(PROVIDED DATA)
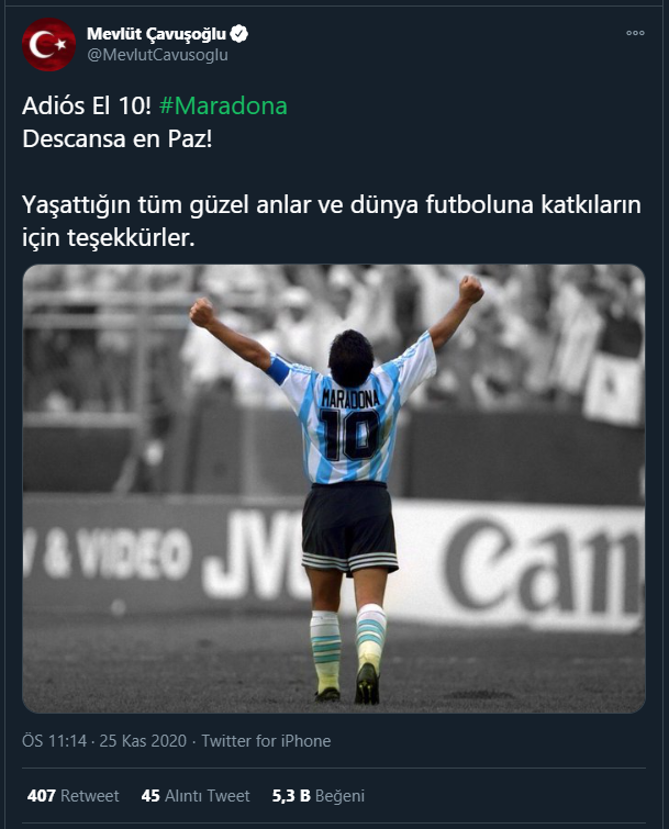 Dışişleri Bakanı Mevlüt Çavuşoğlu, Twitter hesabından İspanyolca olarak, "Güle güle 10 Numara. Huzur içinde yat." ifadelerini kullanarak Maradona hakkında taziye mesajı paylaştı.
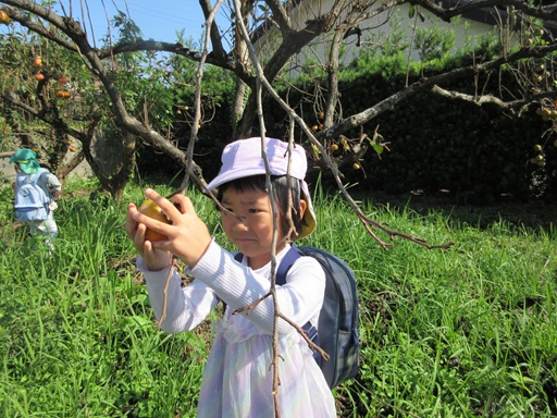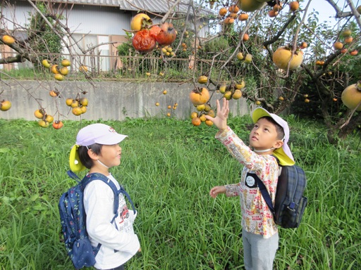 今日は柿狩りへ行きました!去年もしたことをしっかり覚えており、上手に取っていきます。すぐに採れるのが嬉しくて、「先生採れたよ!」「大きいの見つけた!」と笑顔で報告していました。あまりにも採るのが上手なので「どうやって採ったの?」と聞いてみると「くるくるってして採ったよ」「捻ったら採れるよ」と説明をしてくれ、言葉で表現するのも上手になってきたなと成長を感じました。行き帰りはすみれさんと手を繋ぎ、すみれさんが危なくないように声かけをたくさんしていましたよ。
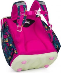 Rucsacul cântărește doar 970 g și este echipat cu spate căptușit respirabil, bretele late căptușite, curea de piept și bretele de strângere. Elementele reflectorizante cresc siguranța pe drumul spre școală.
(End PROVIDED DATA)
WHAT YOU WILL DO: Without including a single picture, restate all of the data word for word.

RESULT BELOW:
 Dışişleri Bakanı Mevlüt Çavuşoğlu, Twitter hesabından İspanyolca olarak, "Güle güle 10 Numara. Huzur içinde yat." ifadelerini kullanarak Maradona hakkında taziye mesajı paylaştı.
 今日は柿狩りへ行きました!去年もしたことをしっかり覚えており、上手に取っていきます。すぐに採れるのが嬉しくて、「先生採れたよ!」「大きいの見つけた!」と笑顔で報告していました。あまりにも採るのが上手なので「どうやって採ったの?」と聞いてみると「くるくるってして採ったよ」「捻ったら採れるよ」と説明をしてくれ、言葉で表現するのも上手になってきたなと成長を感じました。行き帰りはすみれさんと手を繋ぎ、すみれさんが危なくないように声かけをたくさんしていましたよ。
 Rucsacul cântărește doar 970 g și este echipat cu spate căptușit respirabil, bretele late căptușite, curea de piept și bretele de strângere. Elementele reflectorizante cresc siguranța pe drumul spre școală.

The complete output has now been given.